在获取到outOfSyncReplica后,将zk中的isr信息更新。
private def updateIsr(newIsr: Set[Replica]) {
val newLeaderAndIsr = new LeaderAndIsr(localBrokerId, leaderEpoch, newIsr.map(_.brokerId).toList, zkVersion)
//注意这里用的是上次更新leader的controller epoch(每当controller选举完partition的leader时都会发送controller epoch)
val (updateSucceeded, newVersion) = ReplicationUtils.updateLeaderAndIsr(zkClient, topicPartition, newLeaderAndIsr,
controllerEpoch)
if (updateSucceeded) {
//zk中更新成功后,还要更新缓存中的isr信息
replicaManager.recordIsrChange(topicPartition)
inSyncReplicas = newIsr
zkVersion = newVersion
trace("ISR updated to [%s] and zkVersion updated to [%d]".format(newIsr.mkString(","), zkVersion))
} else {
replicaManager.failedIsrUpdatesRate.mark()
info("Cached zkVersion [%d] not equal to that in zookeeper, skip updating ISR".format(zkVersion))
}
}
最后因为更新了isr,所有还要判断是否要更新hw(hw是isr中最小的leo)。
private def maybeIncrementLeaderHW(leaderReplica: Replica, curTime: Long = time.milliseconds): Boolean = {
val allLogEndOffsets = assignedReplicas.filter { replica =>
curTime - replica.lastCaughtUpTimeMs <= replicaLagTimeMaxMs || inSyncReplicas.contains(replica)
}.map(_.logEndOffset)
val newHighWatermark = allLogEndOffsets.min(new LogOffsetMetadata.OffsetOrdering)
val oldHighWatermark = leaderReplica.highWatermark
// Ensure that the high watermark increases monotonically.

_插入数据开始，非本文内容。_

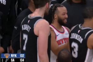 体育资讯01月01日讯 在今日尼克斯不敌马刺的最后时刻,尼克斯落后5分,布伦森投进了一个超高难度的压哨三分球,最终憾负2分。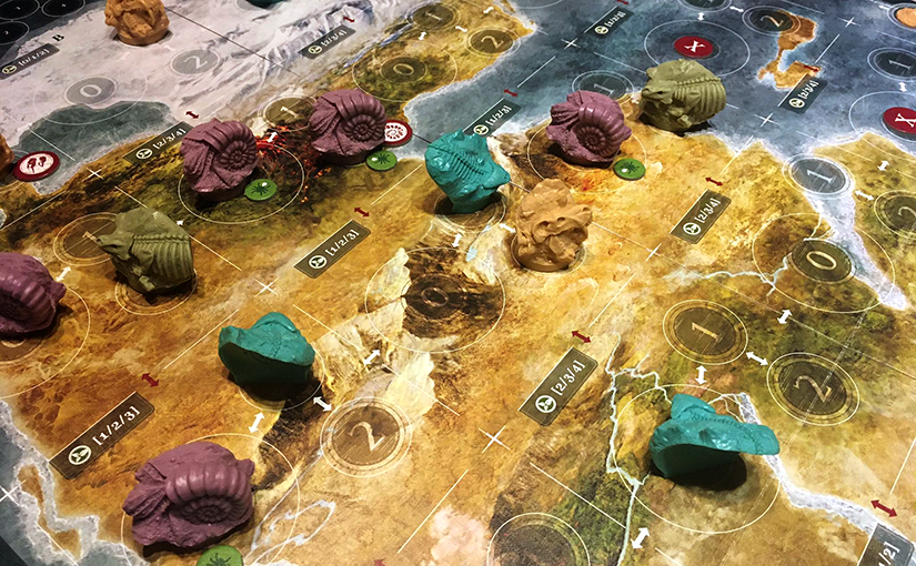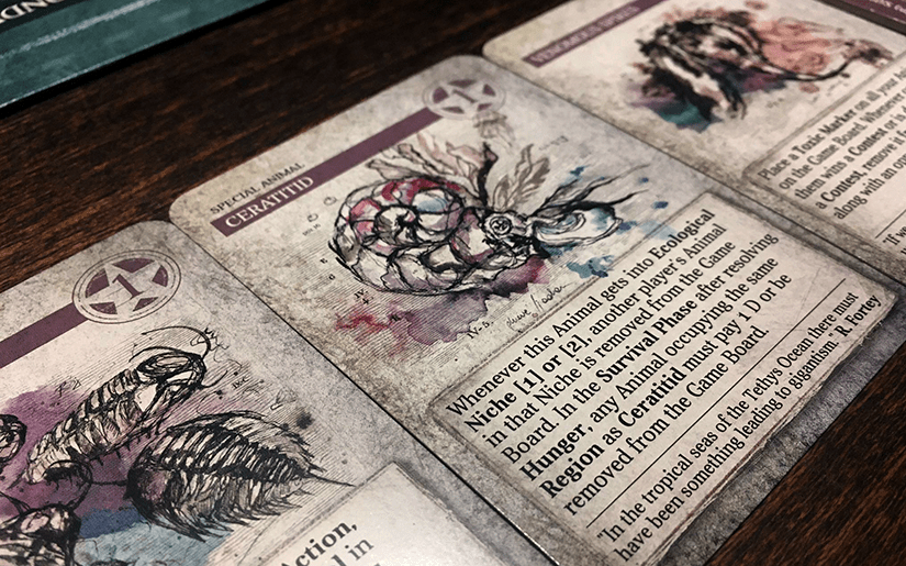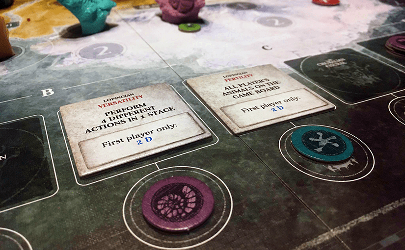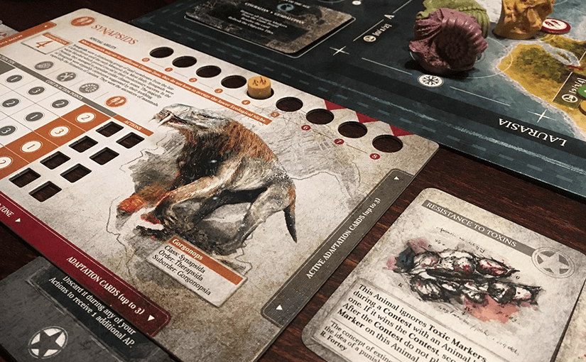 Az alkalmazkodás és a fejlődés tehát kártyák által történik (az 1. számú akció a kártyák kijátszását teszi lehetővé): amíg az első átmeneti, egyszer használatos, sőt, akár a fejlődésért (egy evolúciókártya aktiválásáért cserébe) eldobható, a másik permanens és egyenesen lecserélhetetlen. A kártyák kezelését kifejezetten nehézkesnek, de megszokhatónak találtam, és ez az elem az, amelynél előfordultak vitatott értelmezések, meg lázas szabályfüzet lapozgatások is – még a harmadik játékalkalommal is. Pedig a kártyák végül elég egyértelmű célokat szolgálnak, és nagyon hasonlókat is egyben, csupán a részletek különböznek épp annyira, hogy könnyű legyen félreérteni azokat.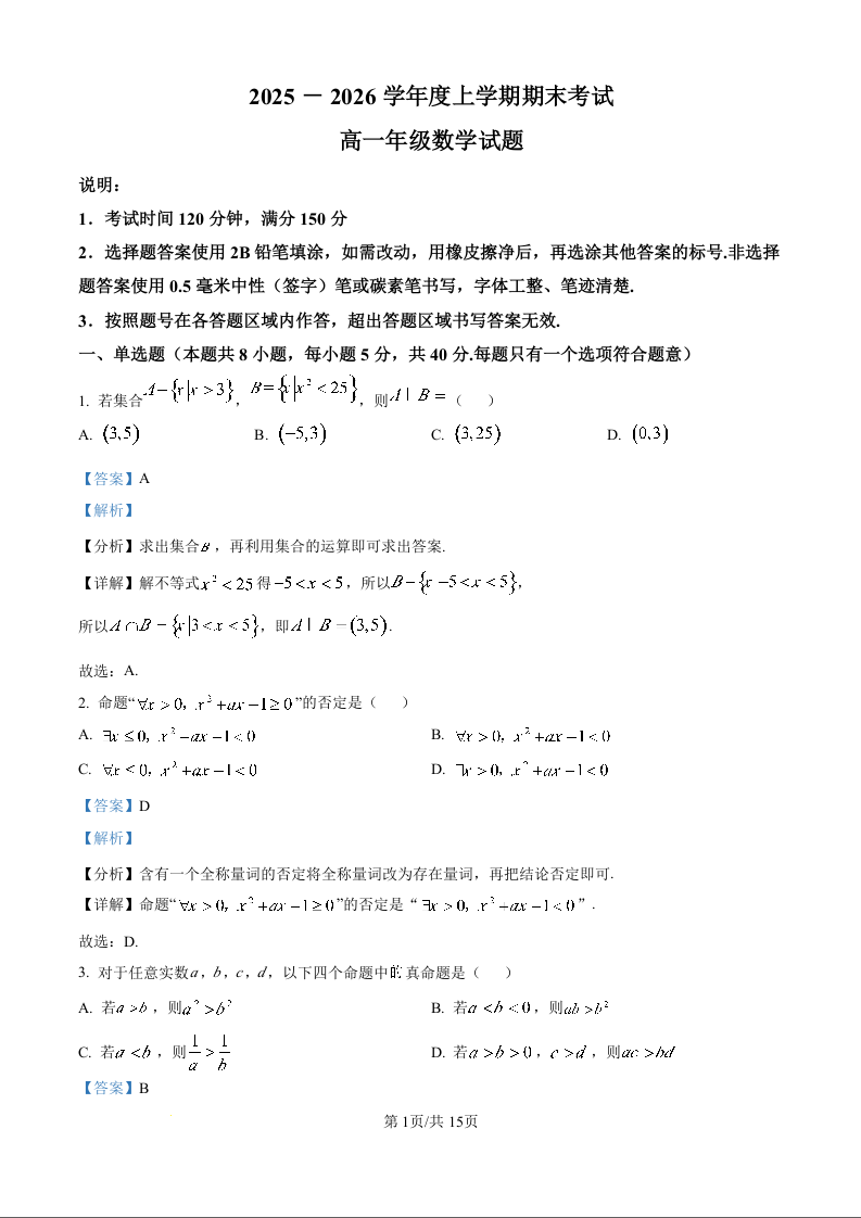 高一数学(精品解析版)--黑龙江省大庆市大庆中学2025-2026学年高一上学期1月期末

We also update the high watermark when the new
// offset metadata is on a newer segment, which occurs whenever the log is rolled to a new segment.
if (oldHighWatermark.messageOffset < newHighWatermark.messageOffset ||
(oldHighWatermark.messageOffset == newHighWatermark.messageOffset && oldHighWatermark.onOlderSegment(newHighWatermark))) {
leaderReplica.highWatermark = newHighWatermark
debug(s"High watermark updated to $newHighWatermark")
true
} else {
def logEndOffsetString(r: Replica) = s"replica ${r.brokerId}: ${r.logEndOffset}"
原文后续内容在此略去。